* **Exercise description**
For this exercise, write out only the lines of the entries below from the one with "Aquisição de exemplares" up to and including the one with "blonde hair and", exactly as they are. Pictures stay out.

Stored items from a collection:
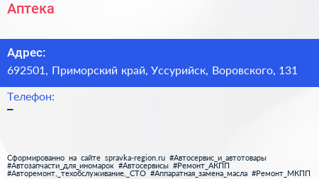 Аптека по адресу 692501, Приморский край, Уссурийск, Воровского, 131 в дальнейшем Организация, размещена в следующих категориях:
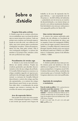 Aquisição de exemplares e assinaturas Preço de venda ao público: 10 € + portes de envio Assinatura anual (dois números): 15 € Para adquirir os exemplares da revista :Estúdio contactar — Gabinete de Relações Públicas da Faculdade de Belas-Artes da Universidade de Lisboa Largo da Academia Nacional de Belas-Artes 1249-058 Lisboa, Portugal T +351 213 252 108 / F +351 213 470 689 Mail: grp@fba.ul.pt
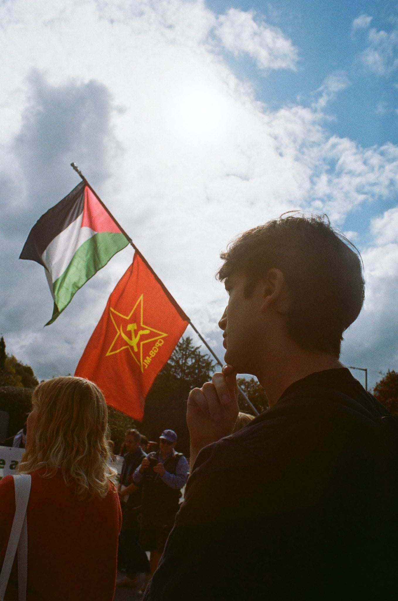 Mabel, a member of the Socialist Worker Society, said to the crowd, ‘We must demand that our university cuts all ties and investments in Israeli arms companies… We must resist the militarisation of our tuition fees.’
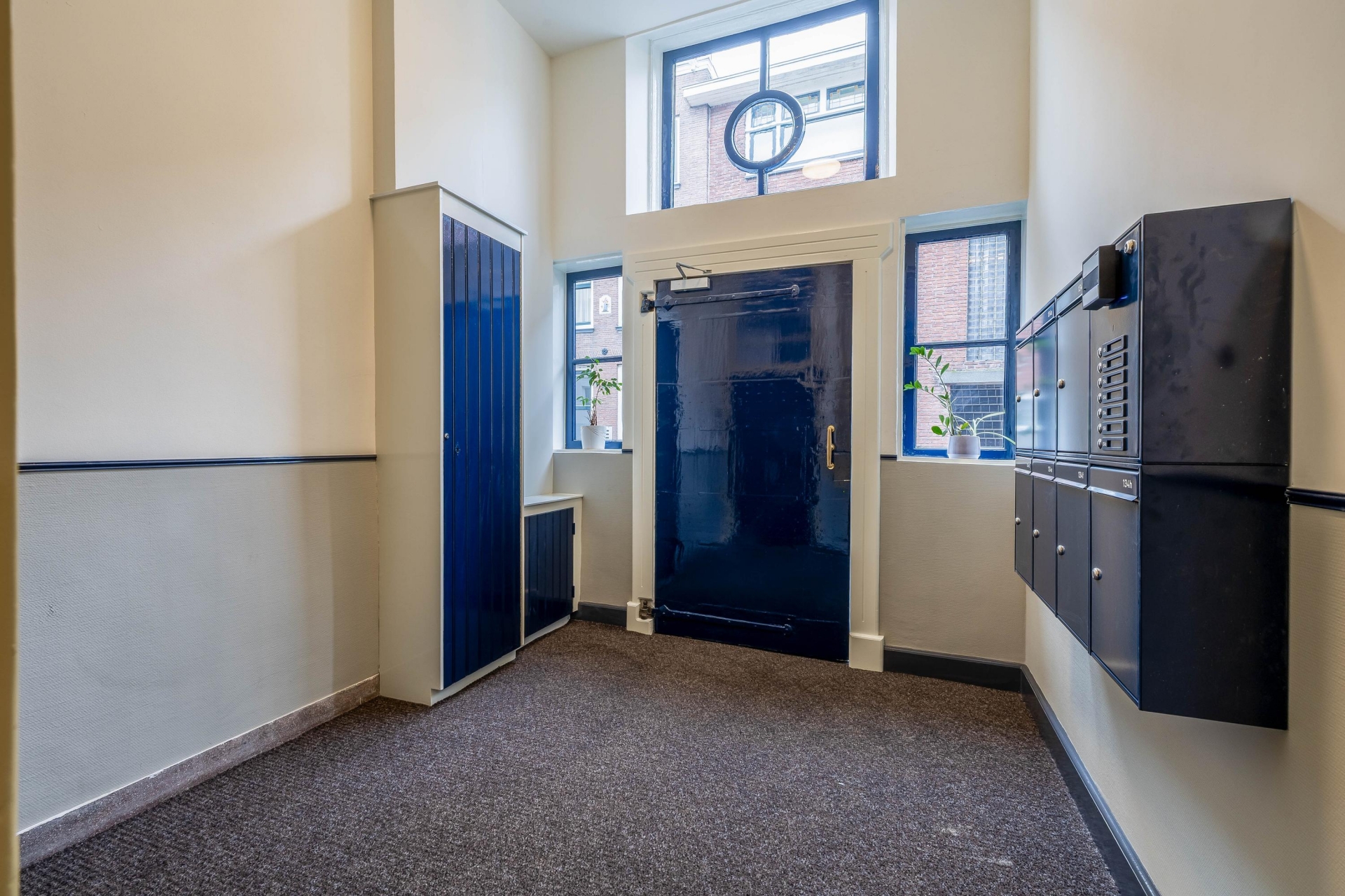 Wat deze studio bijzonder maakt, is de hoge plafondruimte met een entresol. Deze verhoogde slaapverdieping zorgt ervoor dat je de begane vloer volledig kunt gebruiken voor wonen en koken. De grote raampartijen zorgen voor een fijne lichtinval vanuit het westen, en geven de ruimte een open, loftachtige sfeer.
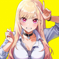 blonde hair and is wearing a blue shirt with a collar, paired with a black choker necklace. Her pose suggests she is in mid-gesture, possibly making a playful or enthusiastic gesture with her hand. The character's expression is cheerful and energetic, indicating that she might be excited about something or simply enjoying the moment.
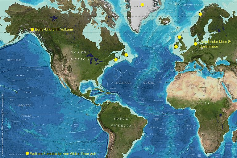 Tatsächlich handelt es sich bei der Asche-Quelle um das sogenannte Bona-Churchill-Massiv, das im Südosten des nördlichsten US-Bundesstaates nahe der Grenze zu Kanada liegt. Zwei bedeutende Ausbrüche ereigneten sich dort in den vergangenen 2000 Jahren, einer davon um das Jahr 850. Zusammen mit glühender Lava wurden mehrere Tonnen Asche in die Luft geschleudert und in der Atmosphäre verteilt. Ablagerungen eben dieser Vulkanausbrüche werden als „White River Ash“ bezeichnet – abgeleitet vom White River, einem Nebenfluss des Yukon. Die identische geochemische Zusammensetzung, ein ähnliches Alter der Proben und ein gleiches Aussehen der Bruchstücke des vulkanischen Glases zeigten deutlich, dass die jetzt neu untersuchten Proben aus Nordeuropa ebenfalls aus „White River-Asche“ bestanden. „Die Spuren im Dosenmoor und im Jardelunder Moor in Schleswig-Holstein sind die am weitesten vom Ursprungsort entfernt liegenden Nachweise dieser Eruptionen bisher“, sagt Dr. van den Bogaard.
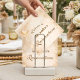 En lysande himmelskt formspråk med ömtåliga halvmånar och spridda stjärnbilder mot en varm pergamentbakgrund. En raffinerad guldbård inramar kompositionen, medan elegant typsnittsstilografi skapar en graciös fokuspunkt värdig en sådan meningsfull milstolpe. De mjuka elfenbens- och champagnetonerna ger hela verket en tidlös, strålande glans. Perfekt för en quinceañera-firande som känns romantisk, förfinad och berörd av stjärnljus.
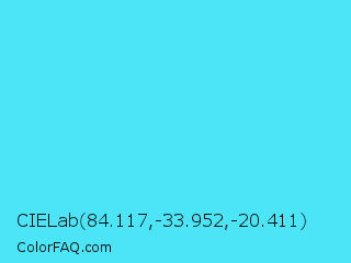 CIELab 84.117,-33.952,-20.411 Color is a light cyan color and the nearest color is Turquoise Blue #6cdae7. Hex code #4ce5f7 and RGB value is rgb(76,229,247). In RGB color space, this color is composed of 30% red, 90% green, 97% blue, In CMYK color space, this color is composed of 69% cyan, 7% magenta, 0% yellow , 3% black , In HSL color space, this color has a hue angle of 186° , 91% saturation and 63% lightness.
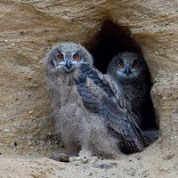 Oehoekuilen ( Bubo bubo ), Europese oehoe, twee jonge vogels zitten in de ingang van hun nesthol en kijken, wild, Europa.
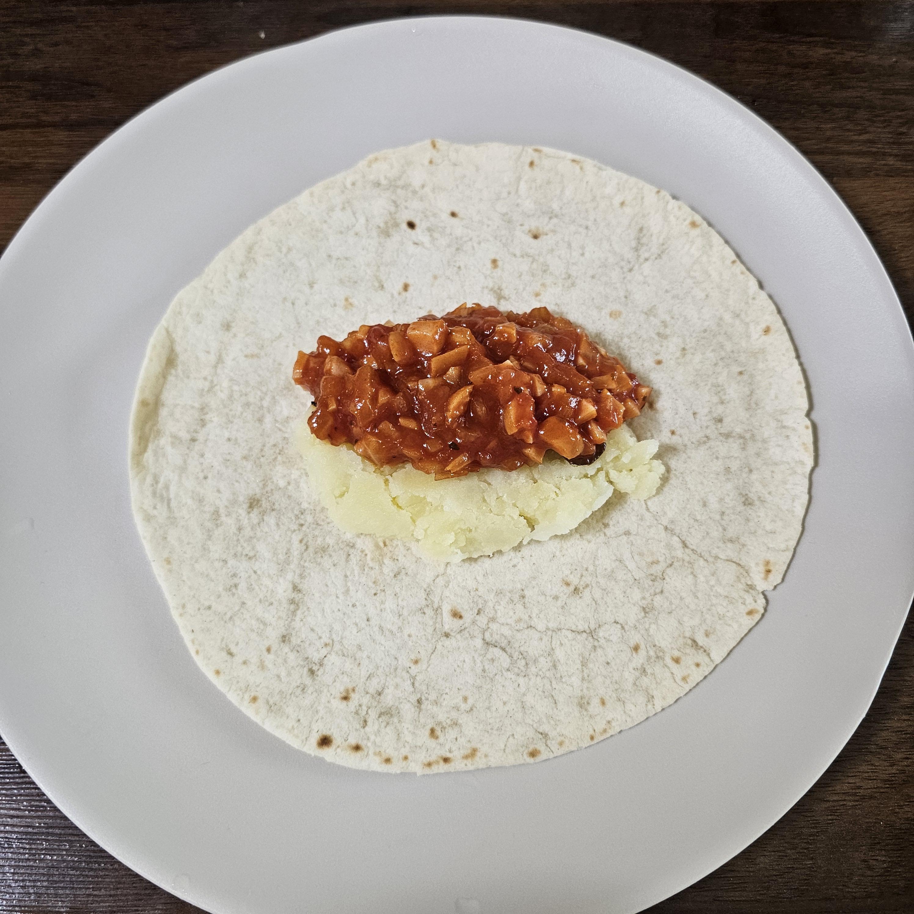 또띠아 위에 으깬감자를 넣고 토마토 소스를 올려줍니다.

* **Response**
 Aquisição de exemplares e assinaturas Preço de venda ao público: 10 € + portes de envio Assinatura anual (dois números): 15 € Para adquirir os exemplares da revista :Estúdio contactar — Gabinete de Relações Públicas da Faculdade de Belas-Artes da Universidade de Lisboa Largo da Academia Nacional de Belas-Artes 1249-058 Lisboa, Portugal T +351 213 252 108 / F +351 213 470 689 Mail: grp@fba.ul.pt
 Mabel, a member of the Socialist Worker Society, said to the crowd, ‘We must demand that our university cuts all ties and investments in Israeli arms companies… We must resist the militarisation of our tuition fees.’
 Wat deze studio bijzonder maakt, is de hoge plafondruimte met een entresol. Deze verhoogde slaapverdieping zorgt ervoor dat je de begane vloer volledig kunt gebruiken voor wonen en koken. De grote raampartijen zorgen voor een fijne lichtinval vanuit het westen, en geven de ruimte een open, loftachtige sfeer.
 blonde hair and is wearing a blue shirt with a collar, paired with a black choker necklace. Her pose suggests she is in mid-gesture, possibly making a playful or enthusiastic gesture with her hand. The character's expression is cheerful and energetic, indicating that she might be excited about something or simply enjoying the moment.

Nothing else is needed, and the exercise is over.